I went up to my room, suddenly too excited to think of reading. At last I was going to get a glimpse of the Kingdom.

I awoke to find daylight creeping into the room. The wind still howled and a sheet of corrugated iron clacked dismally. But the rain had ceased. The clouds had lifted, ragged wisps sailing above cold, white peaks. Footsteps sounded on the bare boards below and a door banged. Then silence again; silence except for the relentless sound of the wind and the gurgle of water seeking its natural level, starting on its long journey to the Pacific.

I was called at seven. The old Chinaman shuffled across the room to the wash basin with a steaming jug of water. ‘You sleep well, Mister?’ His wrinkled face smiled at me disinterestedly as he gave me the same greeting he had given me every morning I had been there. ‘Snow all gone. Plenty water. Plenty mud. You get to the dam okay today.’

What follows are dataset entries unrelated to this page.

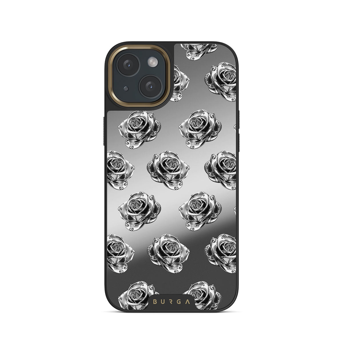 このデザインの特徴バラ、シルバー、メタル、花、ミラーが含まれています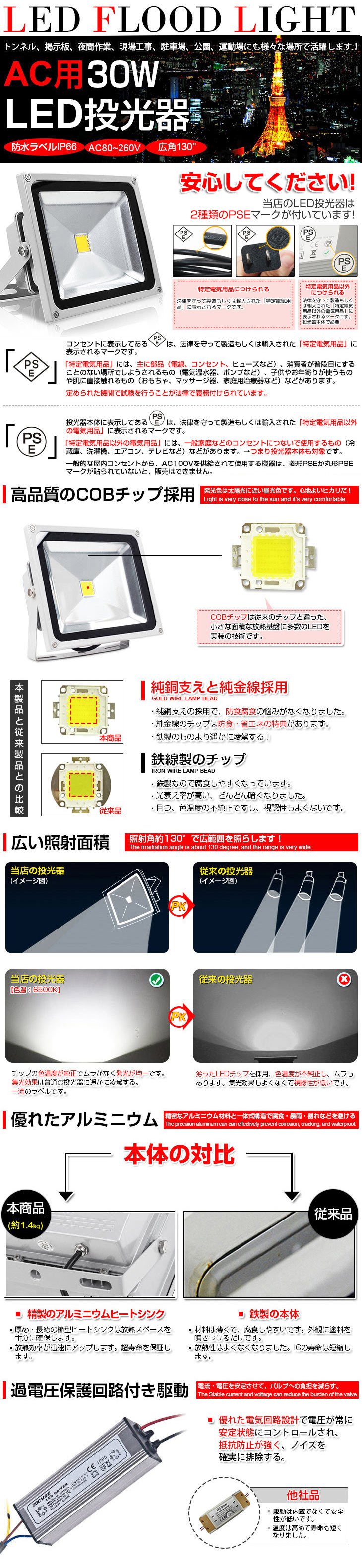 ◆LED採用の省エネ投光器ライト: 30Wと省電力で、従来の300W相当の明るさです!IP66規格の防水仕様!屋内·屋外両方ご利用OK!また倉庫用の照明·集魚灯·看板灯など用途は様々! ◆カバーは強化ガラス: 普通のガラスの4~5倍の強度を持つ強化ガラスを採用、光線の透過率は大幅アップします。透過率は98%以上に達する! ◆放熱性のいいアルミ合金: アルマイト処理のアルミ採用することで、放熱性を更なる段階に引き上げ!耐熱範囲内の正常な働きを保ちます。 ◆角度調整可能: ライトは柔軟な角度調整機能を持ってます。使い方も非常にカンタン! ◆驚きの長寿命: 本製品は100000時間以上の長寿命で、他の商品の2000時間を遥かに凌駕します。 ◆ファッションの設計: アルミ合金のボディ、グレーの外観は高級感が持ってます。 ◆広い使用範囲: トンネル、掲示板、ガソリンスタンド、夜間作業、現場工事、駐車場、公園、運動場にも様々な場所で活躍します!公園、運動、屋外や現場作業にも便利です!特に、夕暮れ時夜間作業にとても役立ちます! 虫が集まりにくいの も魅力です。 【保証】 ◆当商品は12っヶ月保証となります。 ◆お届けから1週間以内にご連絡のあった不良品の保証対応の送料は当方が負担いたします。 ◆保証期間内の不良品ですが、交換のみ対応しております。往復送料はお客様負担となります。在庫がない時だけ返金しますので、ご了承ください。 |
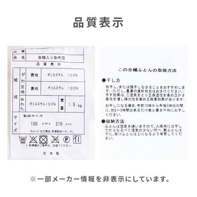 | ・日本製 合繊掛け布団 合繊を使用したスタンダードな掛け布団。中綿は抗菌防臭、防ダニ効果のある東洋紡フィルハーモニィを使用しています。ホコリが出にくく、動物由来の中材に比べてダニの発生が極めて少ないのも魅力の一つ。普段はしまっておきたい方にも安心です。中わたが1.5kg入っていてふんわり気持ちいい。羽毛や羊毛独特のニオイが苦手な方にも快適にお使いいただけます。 | |

By the time I had finished breakfast James McClellan was waiting for me. He took me down to the bunkhouse through a sea of mud. There was a truck there and Max Trevedian was loading drums of diesel fuel into the back of it.

‘All set?’ I turned to find Peter Trevedian slithering down through the mud towards us. He wore an old flying jacket, the fur collar turned up, and a shaggy, bearskin cap.